A second home on the tour is one of the original Palos Verdes Project “spec” homes built in 1927. It overlooks the Palos Verdes Golf Club and many years later was home to Commander and Mrs. Joseph Chadwick, who founded Chadwick School in 1935.
The couple received the 10,000 square-foot dwelling with two adjacent buildings as a gift from Mathilde McCormick Oser, whose daughter had graduated from Chadwick. The Chadwick family took residence in 1947, and it was there that Mrs. Chadwick died in 1984, having been predeceased by her husband.
The current owners purchased the house in 2005, and immediately began a restoration process that is still in progress. “Our intent,” they said, “was to restore the home to its former grandeur and preserve it as a valuable example of both early Palos Verdes architectural and cultural history.” It is considered a fine example of Spanish Revival style, and contains many original features including oak planks, terra cotta tiles, many alcoves and balconies, wrought iron and Moorish arches and motifs
The property is steeply terraced with paths and retaining walls of Palos Verdes stone, many fruit trees and a rose garden. As in many other instances, Frederick Law Olmsted, Jr. was the original landscape architect.
The third home, called the Roessler House in honor the first Palos Verdes Estates mayor, Fred Roessler, was built in 1926 for Donald Lawyer, sales manager for the Palos Verdes Project.
As was the custom in those early days, awards were given to certain homes for their design, and in 1927, the home received an “honorable mention” in the Palos Verdes Bulletin, the property owners’ newsletter. It was a typical example of the Spanish Colonial (Spanish Revival) style of that period, which was required of all new homes in the Project.

Roessler’s daughter and her husband inherited the home, which was sold in the 1980s, remodeled and subsequently acquired by the current owners in 2000, who “chose to keep the old style but bring the plumbing, electrical and plaster to brand new condition and increase the size throughout to match the scale of the original public rooms.”
They did add a 6,400 square-foot, three-story wing to accommodate their family and their lifestyle, although many of the original features were carefully dismantled and restored to integrate the old with the new, and they converted the original garage into a guest house.
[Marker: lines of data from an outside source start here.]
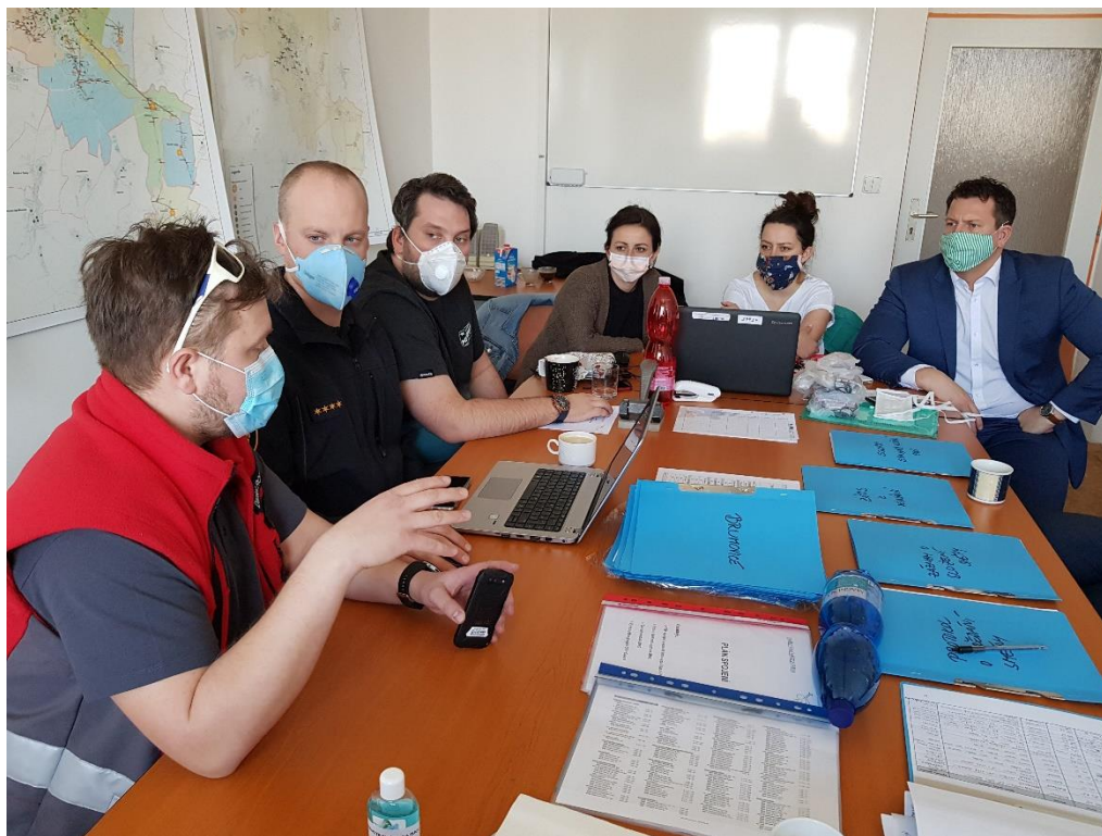
Obrázek 13 - činnost stálé pracovní skupiny krizového štábu

Bezpečnostní rada zasedala v tomto roce 18. 6. a 12. 11. 2021.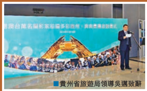
■貴州省旅遊局領導吳邁致辭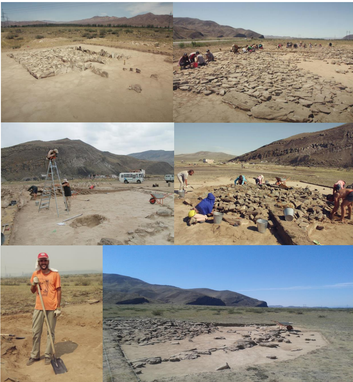
Најчешћи истраживачки локалитети

Недеља је била резервисана за излете и посете културним знаменитостима Р. Туве у ближој околини кампа.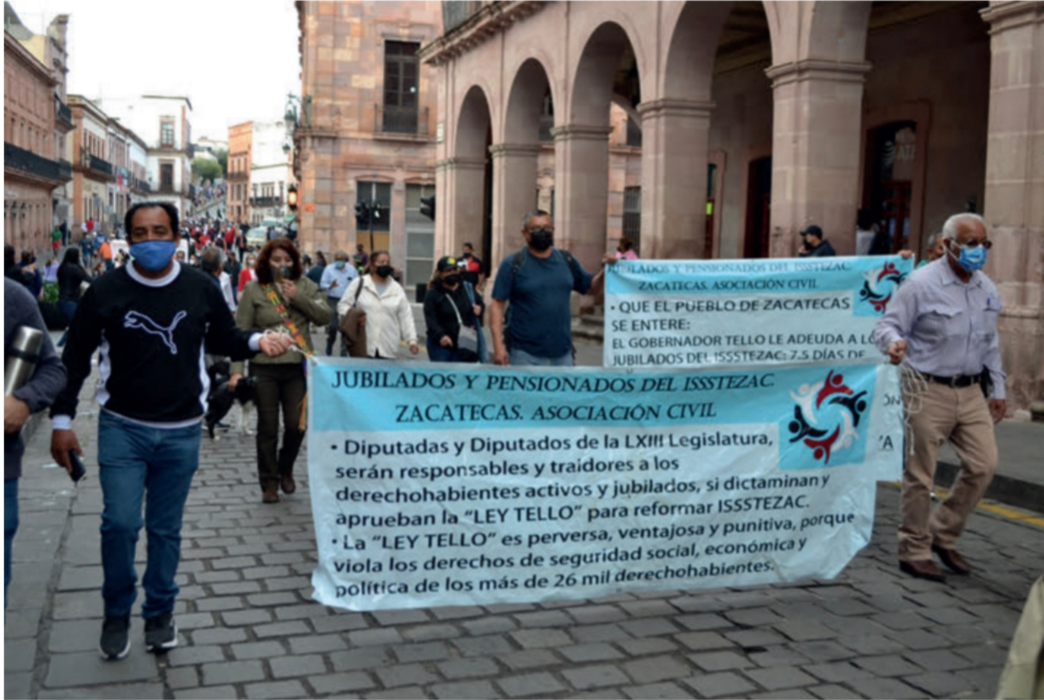
Más de 10 mil manifestantes ganaron las calles del centro de Zacatecas, para repudiar y exigir a diputados no aprueban la novicia y perversa “Ley Tello”

“ EL GOBERNADOR Alejandro Tello asentó que la reforma del Instituto de Seguridad y Servicios Sociales de los Trabajadores del Estado de Zacatecas (Issstezac) y la solución a los problemas que vive este organismo están en manos de la Legislatura local.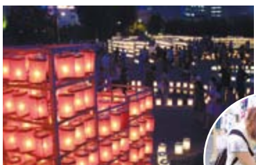
▲「ていね夏あかり」は手稲の夏の風物詩です。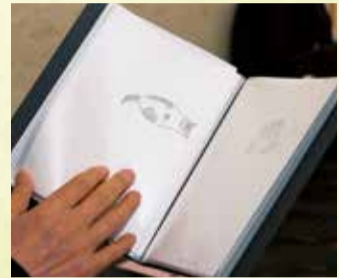
見た日付も一緒に記されています

ただ、幻視の症状は頻繁にあり、自分のために記録しておこうと絵を描き始めたといいます。幻視の症状が出るのは朝目覚めた時。「目を開けると、天井や壁にポンと浮かんでくるんです。そのまま消えることもあれば、移動したり、大きくなったりすることもありますね。見えたものを見たまま描き、ファイリングしています」。見えるのは平面でモノクロのものが多いのですが、たまに立体的でカラーのものも。「幻視といわれると怖いものを見るというイメージがあったのですが、私の場合はあまり怖いものではなくて。子どもの頃、兄とよく遊んだトランプがモチーフになっていたり、最近見た映画に出てきた生き物だったり。見たことがないと思っているものも、ただ忘れていただけでどこかで見ていたのかもしれない、なんて考えています」とほほ笑みます。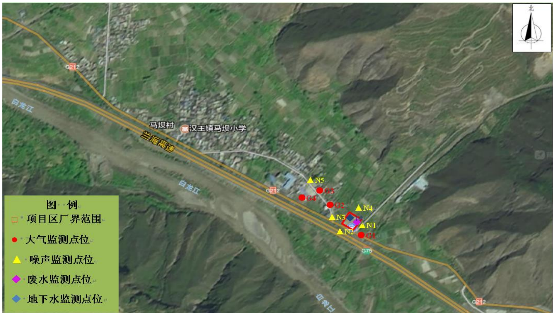
图 5 环境质量监测点位布设图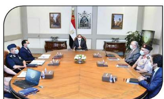
السيسى خلال اجتماعه مع رئيس الوزراء ووزير الزراعة الجديدة بإجمالى مساحة ٢,٢ مليون فدان، وتوفر مصادر المياه وذلك فى إطار الاستعداد لزراعات موسم المحاصيل الزراعية التى سيتم

الشتاء المقبل، كما تم عرض الدراسات الخاصة بمخطط زراعة النباتات العطرية والطبية التي تستخدم فى الصناعات الدوائية. وقد وجه الرئيس بقيام جهات الاختصاص بتكثيف حملات التوعية للمزارعين مع اقتراب موسم الزراعات الشتوية، وذلك بخصوص أفضل السبل والآليات الزراعية، وكذا استخدام أجود أنواع البذور، فضلاً عن التأكيد على فوائد وإيجابيات نظم السرى الحديثة والذكية، بما يساعد على ترشيد استخدام المياه ومضاعفة الإنتاج، وفتح آفاق التصنيع الزراعى، والتي من شأنها أن تساهم فى توفير العديد من فرص العمل، فضلاً عن تحقيق النمو الاقتصادى والتنمية المنشود.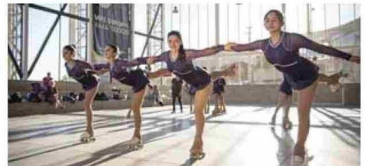
La infraestructura deportiva ha sido uno de los ejes del programa, destacando los estadios y centros comunitarios como El Polígono de Illapel.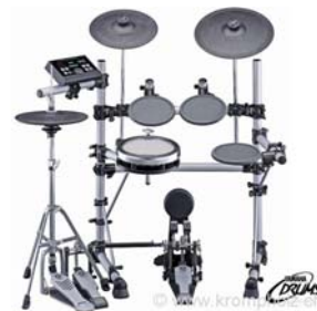
E-Drum Yamaha DTX-550K > Mehr Infos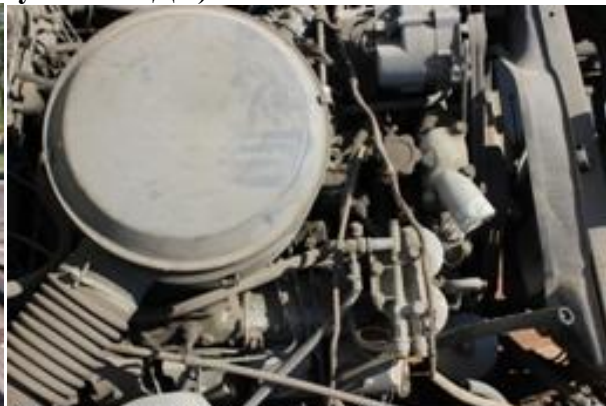
УРАЛ-4320 ш. L0102838 дв. 283539

Лот (предписание 15.0004 (п. 108)), прием заявок по 21 мая 2015 г.

Pre-sale member tickets are $40 and can be ordered on-line at www.pvartcenter.org; by calling the Art Center at 310-541-2479; at Corners of the World in Malaga Cove Plaza; at Nantucket Crossing in Rolling Hills Estates, or at the Art Center. Price for non-members is $45, or $50 on the days of the tour. The cost includes shuttle transportation to the houses from the First Church of Christ Scientist, 4010 Palos Verdes Drive North, plus an alfresco lunch provided by The Yellow Vase, Malaga Café and Ranch Market. (The homes are not handicapped accessible, and children under 12 are not permitted.)